SEMG signals recorded during the cyclic exercises were segmented to select the concentric and the eccentric portions of the exercise. Accelerometer data recorded using the sensor positioned on the lever arm of the Total Trunk device was used to facilitate the data segmentation. We excluded portions of the exercise during which the acceleration of the trunk was disproportionally large. On average, the segmentation led to 1 s intervals for each portion of the cycle. Thus, movement velocity and muscle length-torque characteristics were similar during the SEMG segments considered to analyze the concentric and the eccentric portions of the exercise (see Figure 2).

Figure 2

Trunk angular displacement (top), raw SEMG data (middle), and IMDF-SEMG estimates (bottom) over the duration of the full cyclic trunk extension exercise; SEMG processed form the concentric portion (red), from the eccentric portion (yellow); EMG signal not processed (blue). Data is shown for a representative subject. Note that at the beginning and at the end of the exercise the first 2–3 and last 2–3 cycles were omitted.
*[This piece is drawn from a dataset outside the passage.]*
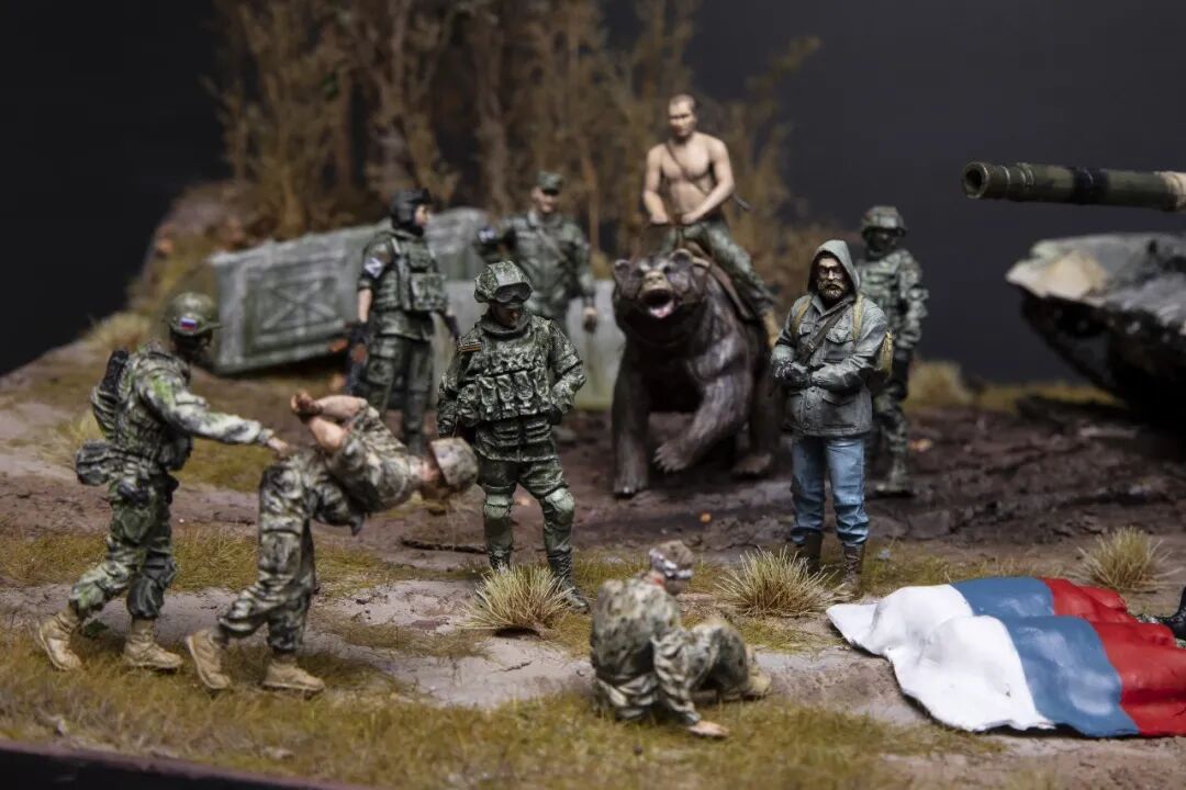 光膀子骑熊的普京挺有意思的,就是跟周围环境稍微契合的差一点,没有其他元素融合的那么好,而且啊,士兵们真的都不怕熊吗?有人在我旁边牵条狗我都得躲一躲~

The RMS-SEMG and the instantaneous median frequency (IMDF-SEMG) were estimated for each data segment and each electrode recording site. IMDF-SEMG estimates were derived using a Cohen class time-frequency transformation (Cohen, 1995). Software routines to derive the IMDF-SEMG estimates were implemented as in previous studies (Bonato et al., 2001). Localized muscle fatigue was quantified by estimating the least-squares regression line fitting the IMDF-SEMG estimates derived for each cycle of the exercise of trunk extensions (see Figure 2). The slope of the regression line was considered as a measure of the progression of localized muscle fatigue.

The linear regression of the RMS-SEMG estimates derived from the SEMG data collected during the cyclic exercises was used to estimate the rate of change in RMS-SEMG values, which in turn was considered a measure of localized muscle fatigue. Consistently with the work by Larivière et al. (2010), the RMS-SEMG and the IMDF-SEMG data was normalized by the initial values of the parameters (i.e., intercept with the y-axis). In order to improve upon the reliability of the proposed measures, the results from the analysis of the data collected with the three electrodes at the levels L1, L2, and L5 were averaged (Lariviere et al., 2002).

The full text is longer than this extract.